В зале моментально стихло.
— Что писал? — долетело из зала. Туфта оживился:
— Когда готовилось Октябрьское восстание, Ленин давал директиву собрать решительную рабочую молодежь, вооружить ее и вместе с матросами бросить на самые ответственные участки. Хотите, я вам прочту это место? У меня все цитаты выписаны на карточках. — И Туфта полез в портфель.
— Мы это знаем!
— А что писал Ленин о единстве?
— А о партийной дисциплине?
— Где Ленин противопоставлял молодежь старой гвардии?
Туфта потерял нить и перешел к другой теме:
— Тут Лагутина читала письмо Юреневой. Мы не можем отвечать за некоторые ненормальности дискуссии.
Цветаев, сидевший рядом с Школенко, прошептал с бешенством:
— Пошли дурака богу молиться, он и лоб расшибет!
Школенко так же тихо ответил:
— Да! Этот болван провалит нас окончательно.
Тонкий, визгливый голос Туфты продолжал сверлить уши:
— Если вы организовали фракцию большинства, то мы имеем право организовать фракцию меньшинства!
В зале поднялась буря.
Туфта был оглушен градом возмущенных восклицаний:
— Что такое? Опять большевики и меньшевики!
— РКП не парламент!
— Они для всех стараются — от Мясникова и до Мартова!
Туфта взмахнул руками, словно пускаясь вплавь, и азартно зачастил словами:
— Да, нужна свобода группировок. Иначе как мы — инакомыслящие — сможем бороться за свои взгляды с таким организованным, спаянным дисциплиной большинством?
В зале нарастал гул. Панкратов поднялся и крикнул:
— Дайте ему высказаться, это полезно знать! Туфта выбалтывает то, о чем другие молчат.
Стало тихо. Туфта понял, что пересолил. Этого говорить, пожалуй, не стоило сейчас. Его мысль сделала скачок в сторону, и, заканчивая свое выступление, он засыпал слушателей ворохом слов:
— Вы, конечно, можете исключить и запихать нас в угол. Это уже начинается. Меня уже выжили из губкомола. Ничего, скоро увидим, кто был прав. — И он выкатился со сцены в зал.
Дубава получил от Цветаева записку:
«Митяй, выступи сейчас. Правда, это не повернет дела, наше поражение здесь очевидно. Необходимо поправить Туфту. Это ведь дурак и болтун».
Дубава попросил слова; оно ему было сейчас же дано.

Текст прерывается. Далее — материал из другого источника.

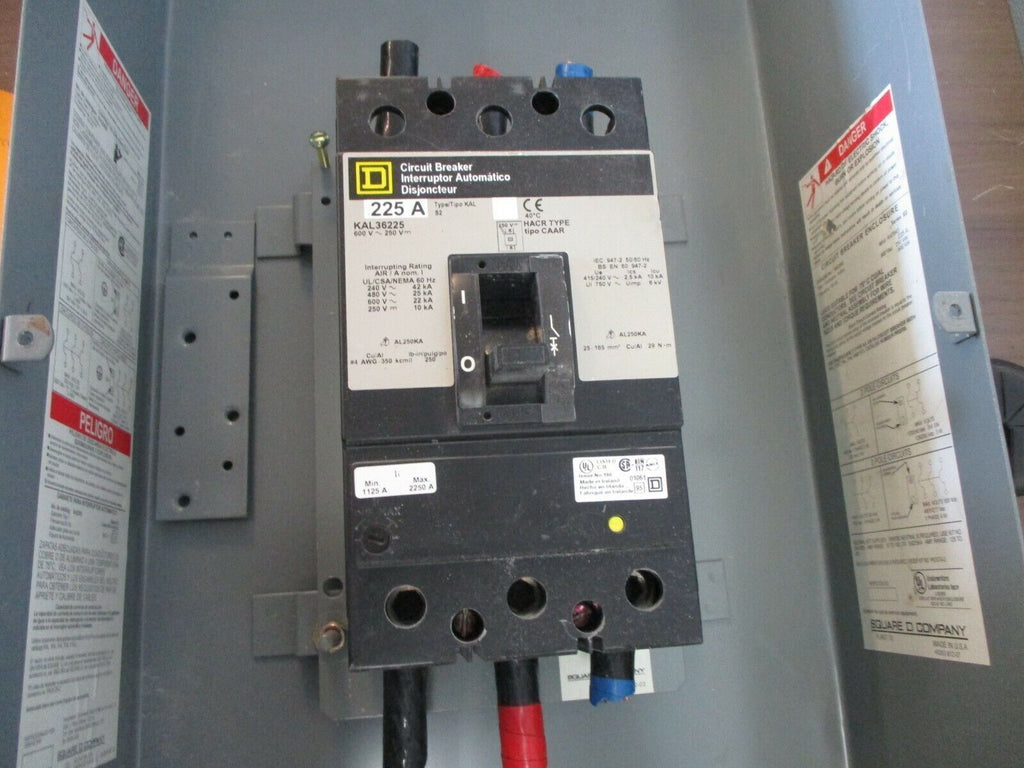 Square D Enclosed Circuit Breaker KAL36225 225A 600V Type 1 Enclosure Used_x000D_ Condition: UsedMaximum Amperage: 225 AMPN: KAL36225Brand: Square DVoltage: 551-600 V Square D Enclosed Circuit Breaker KAL36225 225A 600V Type 1 Enclosure Used Condition: UsedMaximum Amperage: 225 AMPN: KAL36225Brand: Square DVoltage: 551-600 VSquare D Enclosed Circuit Breaker Part#: KAL36225 225 A 600 V Type 1 Enclosure Used Loc: 20B2-4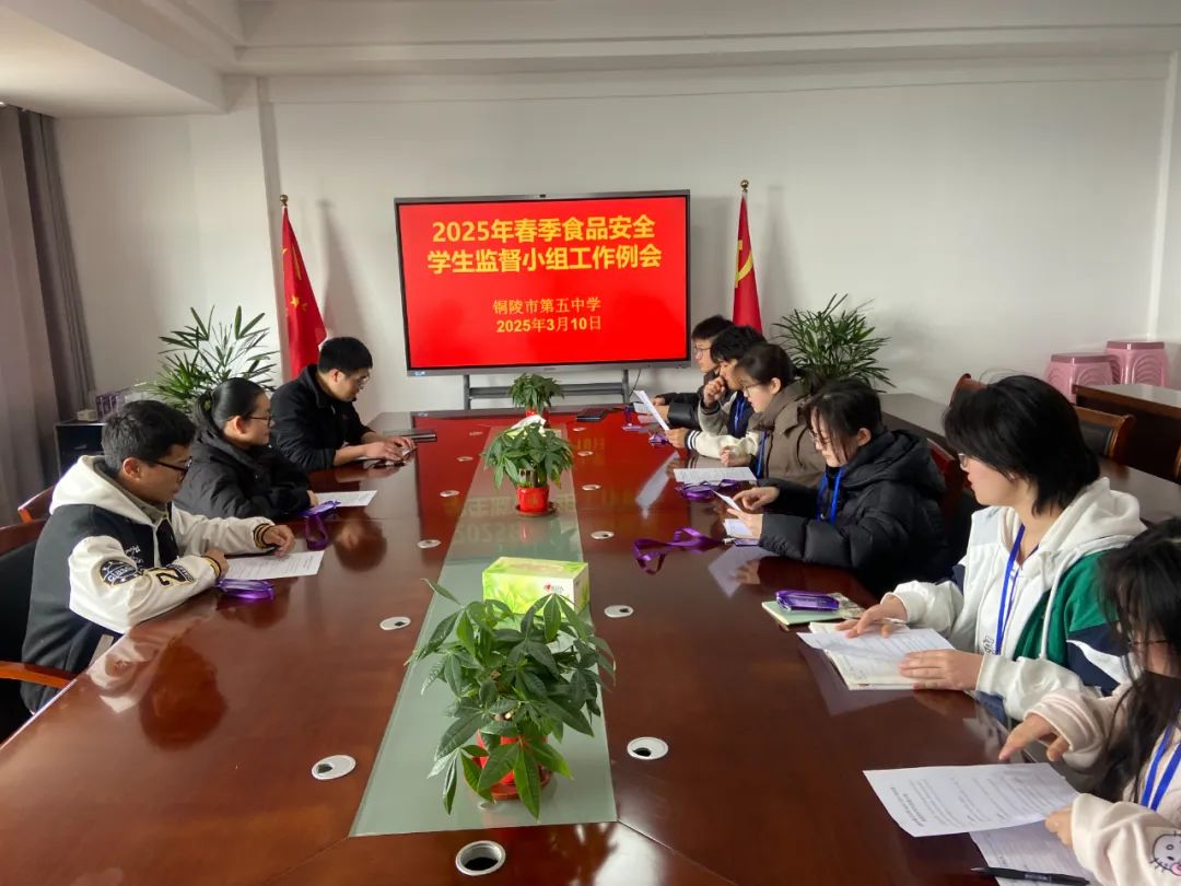 2025 年 3 月 10 日上午,銅陵市第五中學食品安全學生監(jiān)督小組全體成員齊聚一堂,召開本學期首次工作例會。會議著重強調了學生監(jiān)督小組在保障校園食品安全中的關鍵作用,并對本學期的工作進行了系統規(guī)劃。

Когда он взошел на сцену, в зале наступила настороженная тишина. Холодом отчуждения повеяло на Дубаву от этого самого обычного перед речью молчания. У него уже не было того пыла, с которым он выступал в ячейках. День заднем затухал огонь, и сейчас он, как залитый водой костер, обволакивался едким дымом, и дымом этим было болезненное самолюбие, задетое неприкрытым поражением и суровым отпором со стороны старых друзей, и еще упрямое нежелание признать себя неправым. Он решил идти напролом, хотя знал, что это еще более отдалит его от большинства. Он говорил глухо, но отчетливо:
— Я прошу меня не прерывать и не дергать репликами. Я хочу изложить нашу позицию целиком, хотя наперед знаю, что это бесполезно: вас — большинство.
Когда он кончил, в зале словно разорвалась граната. Ураган криков обрушился на Дубаву. Словно удары хлыста по щеке, стегнули Дмитрия гневные восклицания:
— Позор!
— Долой раскольников!
— Хватит! Довольно поливать грязью!
Насмешливый хохот провожал Дмитрия, когда он сходил со сцены, и этот хохот убивал его. Если бы кричали возмущенно и яростно, это бы его удовлетворило. Но ведь его осмеяли, как артиста, взявшего фальшивую ноту и сорвавшегося на ней.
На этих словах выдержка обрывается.